Upon one occasion, when young Willard was seated between two brothers--Henry and Brayton Abbott by name--engaged in solving Algebraic problems, a whispered inquiry, regarding the lesson, passed from one to the other.
Mr. Nichols at the moment happened to glance towards them, and conjectured, by the movement of Willard's lips, that he was violating the rule against whispering.
"Willard Glazier!" said he, angrily, "come out here, sir!"
The boy obeyed.
"Now then, Willard," said Mr.
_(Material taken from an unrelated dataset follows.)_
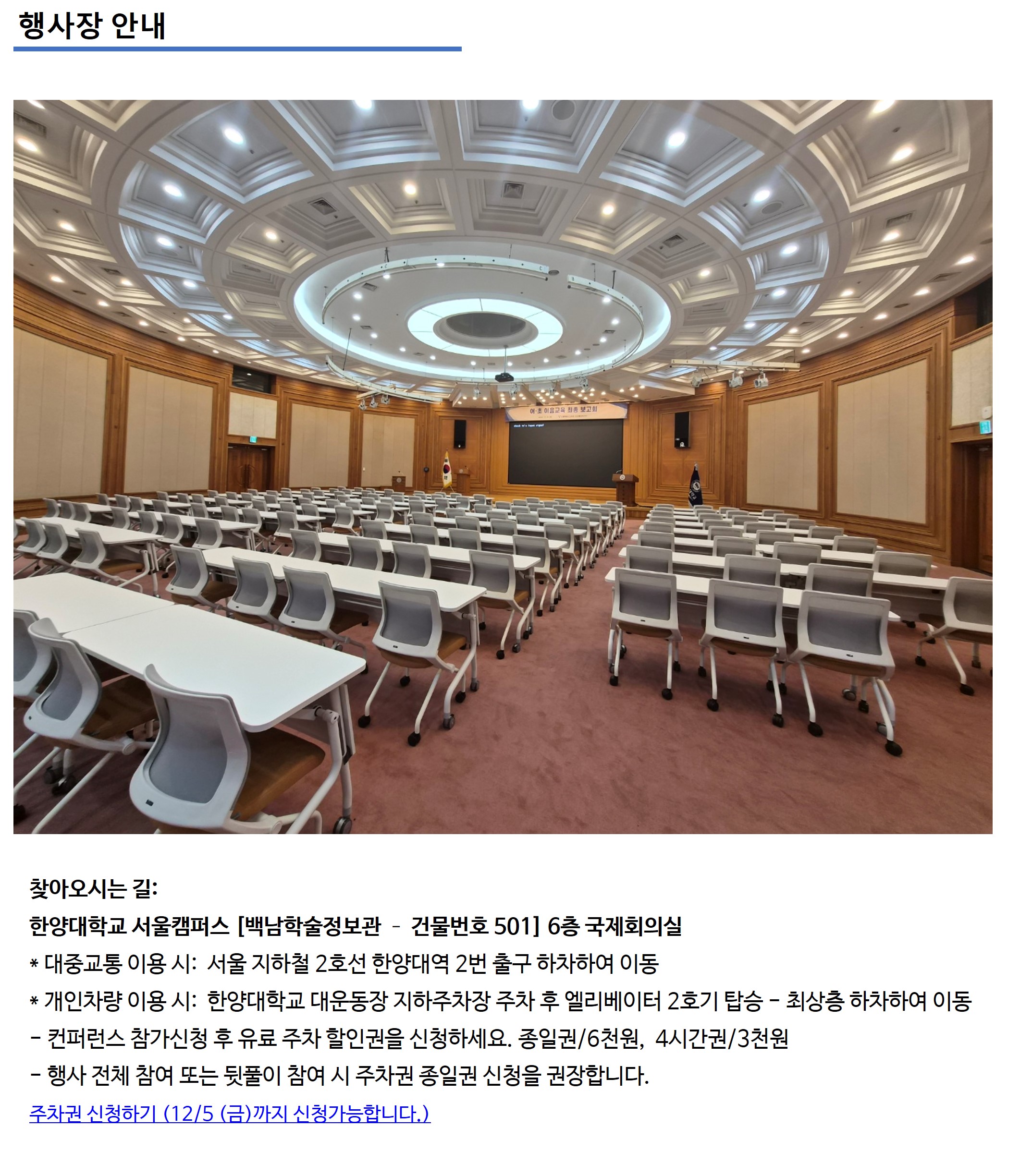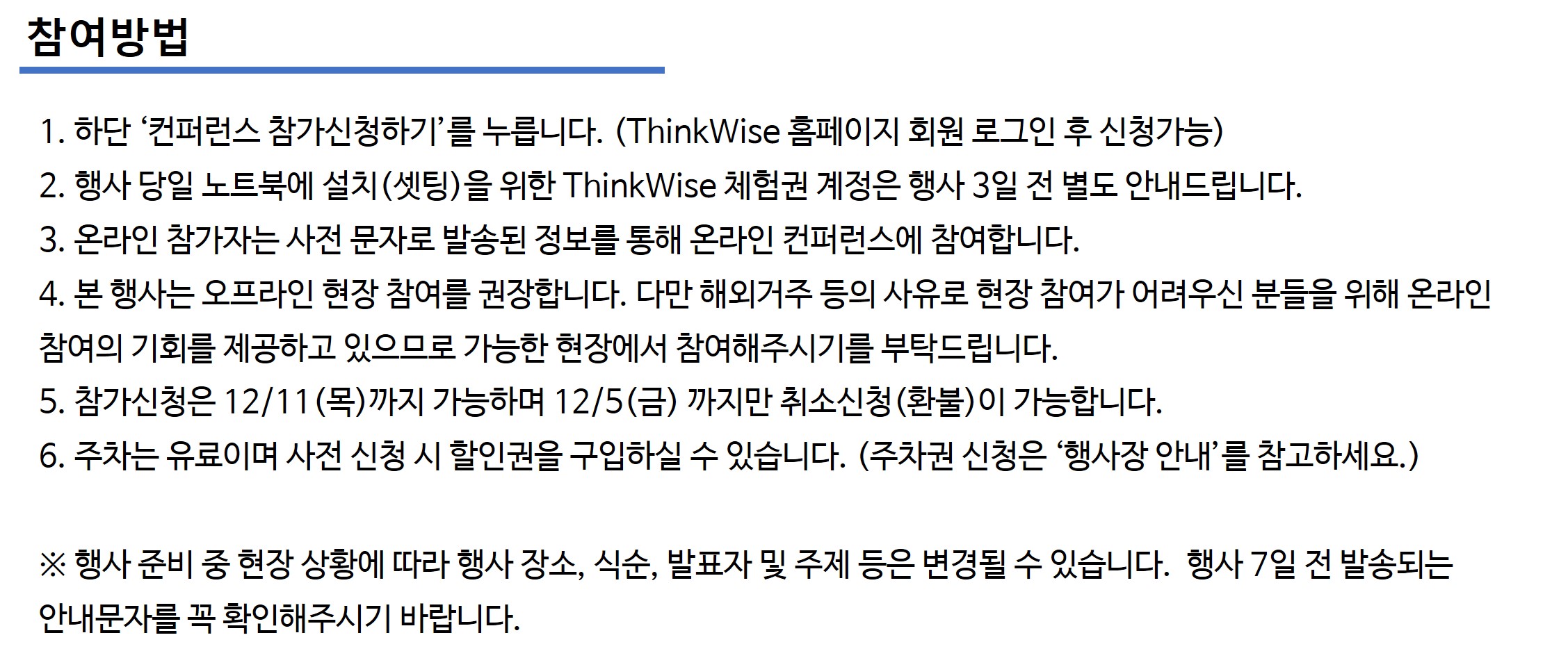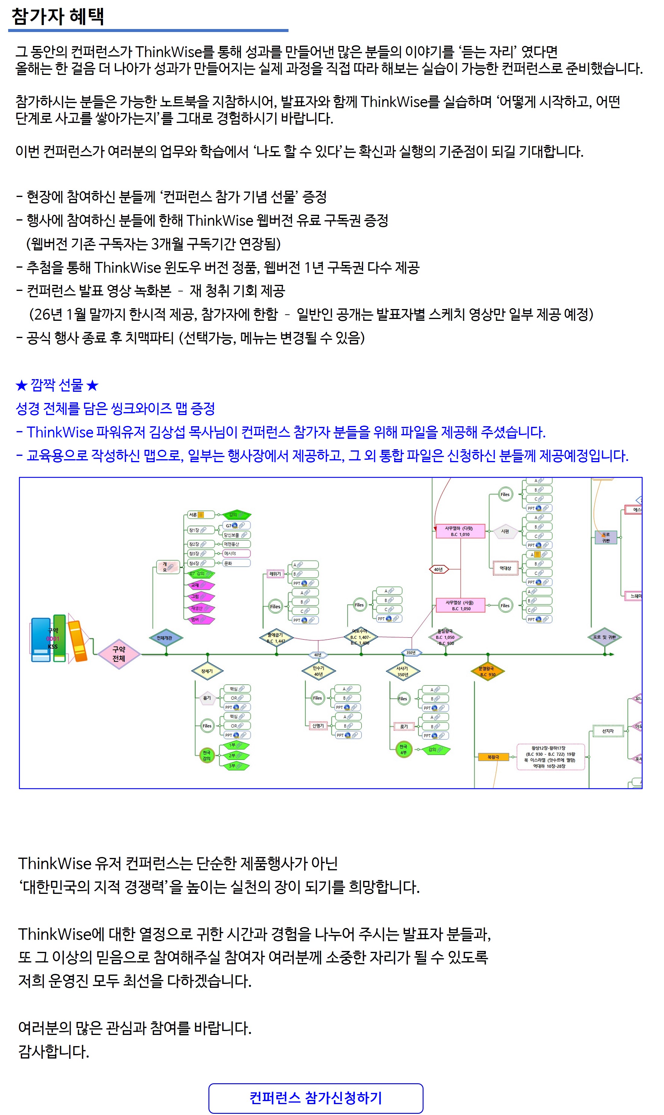 제 9회 ThinkWise 유저 컨퍼런스에 여러분을 초대합니다. (12/13 토, 한양대학교 서울캠퍼스) 페이지 정보 작성자 관리자 댓글 0건 조회 2,748회 작성일 25-11-14 15:31 본문 역대 ThinkWise 유저컨퍼런스 스케치 목록 다음글 25년 10월 교육일정 안내 25.10.01

Nichols, "I presume you understand the rules of this school?"
"I think I do, sir."
"Very well, then you know that whispering during the hours of study is a breach of its discipline, and that I must punish you."
Willard said nothing.
"Have you a knife, sir?" pursued the teacher.
"No, sir," replied the boy, not quite certain whether the knife was wanted for the purpose of scalping him, or merely with a view of amputating the unruly member which had been the instrument of offence. "Well, take this one," said Nichols, handing him a five-bladed pocket-knife, with the large blade open, "go out and cut me a good stout stick."
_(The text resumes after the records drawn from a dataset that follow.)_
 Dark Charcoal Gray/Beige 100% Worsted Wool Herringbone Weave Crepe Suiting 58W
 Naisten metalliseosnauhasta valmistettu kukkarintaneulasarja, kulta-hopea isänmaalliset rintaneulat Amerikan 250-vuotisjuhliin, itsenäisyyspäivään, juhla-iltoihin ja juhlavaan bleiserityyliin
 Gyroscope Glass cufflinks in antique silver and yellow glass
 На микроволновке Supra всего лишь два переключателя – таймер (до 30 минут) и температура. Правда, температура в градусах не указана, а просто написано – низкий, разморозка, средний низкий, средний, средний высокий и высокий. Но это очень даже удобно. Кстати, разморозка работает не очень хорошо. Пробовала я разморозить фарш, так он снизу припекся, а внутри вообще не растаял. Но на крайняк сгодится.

The boy by no means relished the prospect this mission suggested, but seeing no means of escape, he went to a grove in the neighborhood and cut a stick whose dimensions resembled a young tree--shrewdly suspecting that Nichols would never venture to use a club of such size.
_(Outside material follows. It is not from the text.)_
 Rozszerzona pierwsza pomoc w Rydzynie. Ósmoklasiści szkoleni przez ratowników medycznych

With this stick he stalked majestically back to the school-room. As he entered, he saw Henry Abbott standing up in front of the teacher's desk, and heard him utter these words:
"It is not fair, Mr. Nichols, to flog Willard alone. It was my fault, sir. I beckoned to Brayton and whispered first. That is what started it. You should whip me, too, sir."
The master, as we have said, was stern and uncompromising, but his nature was not entirely devoid of feeling, and as he heard the brave admission, his eye lighted up with sudden softness.
"Go back to your seats, boys," said he, "I will not flog either of you to-day. Lads that are brave enough to face the punishment of one offence as you have done, can, I hope, be trusted not to soon commit another."
The incident was one that raised the tone of the whole school, and it gave rise to a warm feeling of admiration in Willard Glazier's breast for Henry Abbott which did Willard good, and made the two youths firm friends.
Thus the years sped on--dotted with little incidents that seem too trivial to relate, and yet each one of which had _some_ effect upon the future life and character of young Willard. He had become a pretty wild boy by this time, and the cognomen of the "little deacon" was dropped without ceremony.
Although he was marked high for scholarly attainment, he received many a bad mark for violating the rules of school.
This state of affairs existed until the boy had reached the age of eleven years, when he was brought into contact with two diametrically opposite influences, one of which was calculated to _make_ and the other to mar his future character and fortunes.